Before entering upon the history of marriage, it is necessary to clear the ground for thought upon this subject by a protest against the careless use of the words " human nature," and especially "woman's nature." History will show us, if anything will, that human nature has an apparently limitless adaptability, and that, therefore, no conclusion can be built upon special manifestations which may at any time be developed. Such development must be referred to certain conditions; and not be mistaken for the eternal law of being. With regard to "woman's nature," concerning which innumerable contradictory dogmas are held, there is so little really known about it and its power of development, that all social philosophies are more or less falsified by this universal though sublimely unconscious ignorance.
The difficulties of friendly intercourse between men and women are so great, and the false sentiments induced by our present system so many and so subtle, that it is the hardest thing in the world for either sex to learn the truth concerning the real thoughts and feelings of the other. If they find out what they mutually think about the weather it is as much as can be expected — consistently, that is, with genuine submission to present ordinances. Thinkers, therefore, perforce take no count of the many half-known and less understood ideas and emotions of women, even as these actually exist at the moment, and they make still smaller allowance for potential developments which at the present crisis are almost incalculable. Current phrases of the most shallow kind are taken as if they expressed the whole that is knowable on the subject.
There is, in fact, no social philosophy, how ever logical and farseeing on other points, which does not lapse into incoherence as soon as it touches the subject of women.

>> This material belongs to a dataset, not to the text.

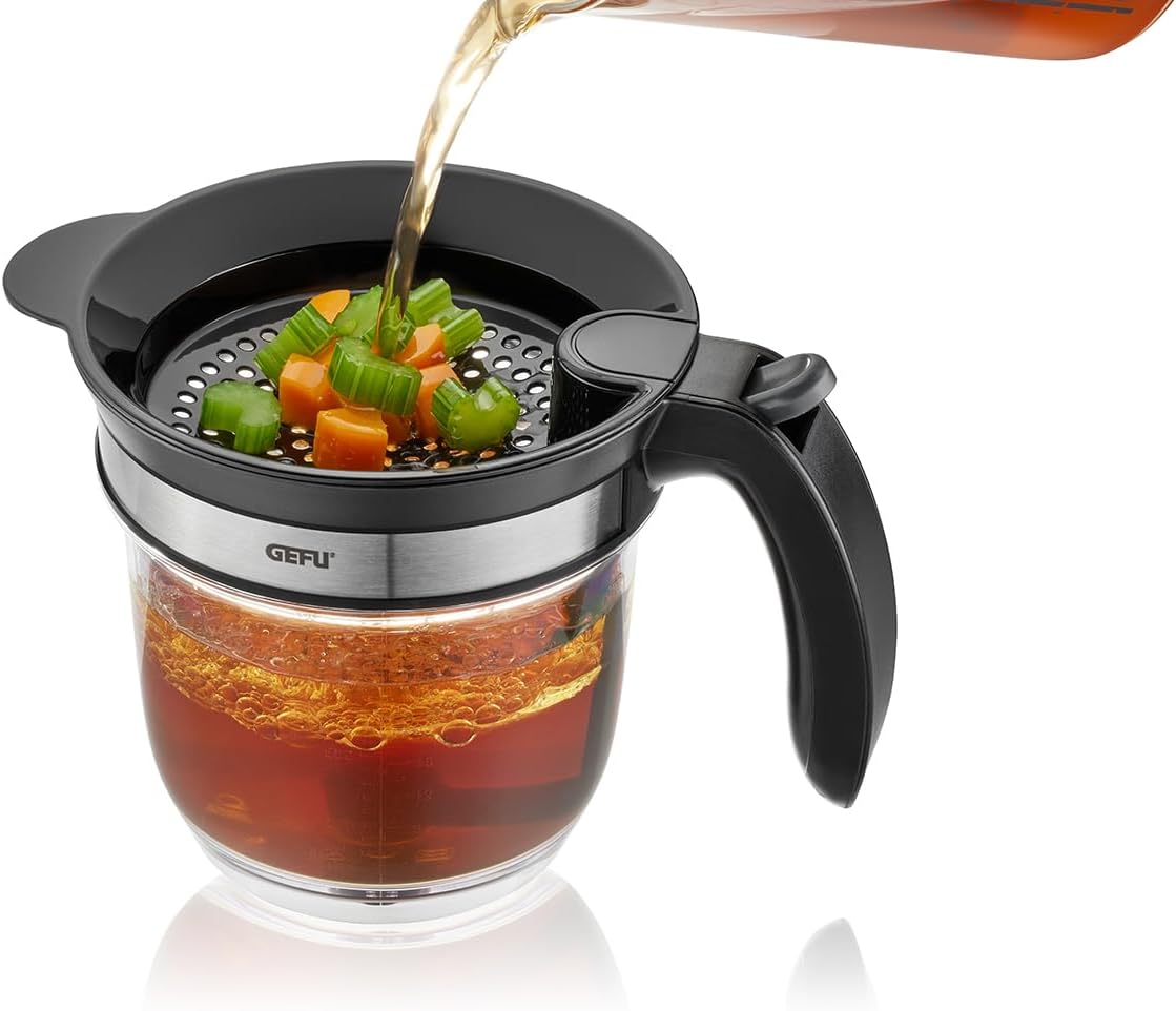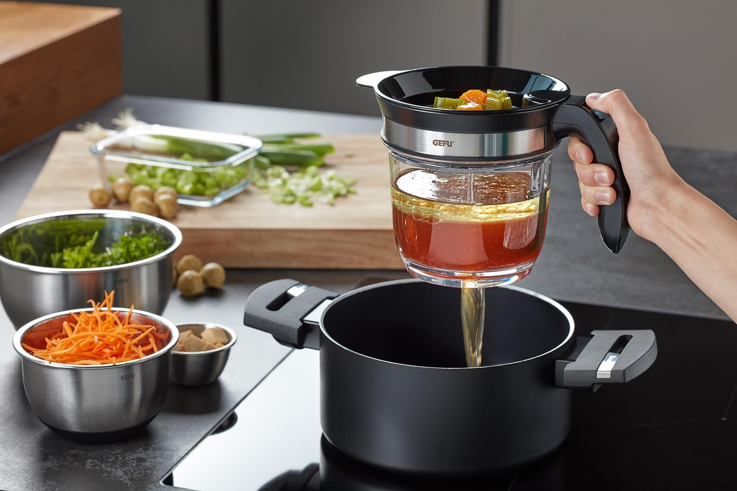 With Fluido, hot soups, sauces or roast funds finally get their fat away. Simply fill into the separating jug: the grease settles at the top and the degreased liquid at the bottom, from where you can easily remove it at the touch of a button through the outlet opening in the bottom of the jug.

The thinker abandons the thought-laws which he has obeyed until that fatal moment ; he forgets every principle of science previously present to his mind, and he suddenly goes back centuries in knowledge and in the consciousness of possibilities, making schoolboy statements, and babbling of green fields in a manner that takes away the breath of those who have listened to his former reasoning, and admired his previous delicacies of thought-distinction. Has he been overtaken by some afflicting mental disease? Or does he merely allow himself to hold one subject apart from the circulating currents of his brain, judging it on different principles from those on which he judges every other subject?

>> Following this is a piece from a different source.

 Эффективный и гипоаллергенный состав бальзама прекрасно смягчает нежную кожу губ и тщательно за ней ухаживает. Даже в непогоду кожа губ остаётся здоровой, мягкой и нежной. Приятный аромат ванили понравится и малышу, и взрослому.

Whatever be the fact, the results appear to be identical. A sudden loss of intellectual power would have exactly this effect upon the opinions which the sufferer might hold on any question afterwards presented to him. Suddenly fallen from his high mental estate , our philosopher takes the same view of women as certain Indian women theologians took of the staple food of their country.* "The Great Spirit," they said, "made all things except the wild rice, but the wild rice came by chance." The muse of history, guided by that of science, eloquently protests against treating any part of the universe as "wild rice;" she protests against the exclusion of the ideas of evolution, of natural selection, of the well-known influence upon organs and aptitudes of continued use or disuse, influence which has exemplified in his own life, which every profession proves, and which is freely acknowledged in the discussion of all questions except those in which woman forms an important element. "As she was in the beginning, is now, and ever shall be —— !"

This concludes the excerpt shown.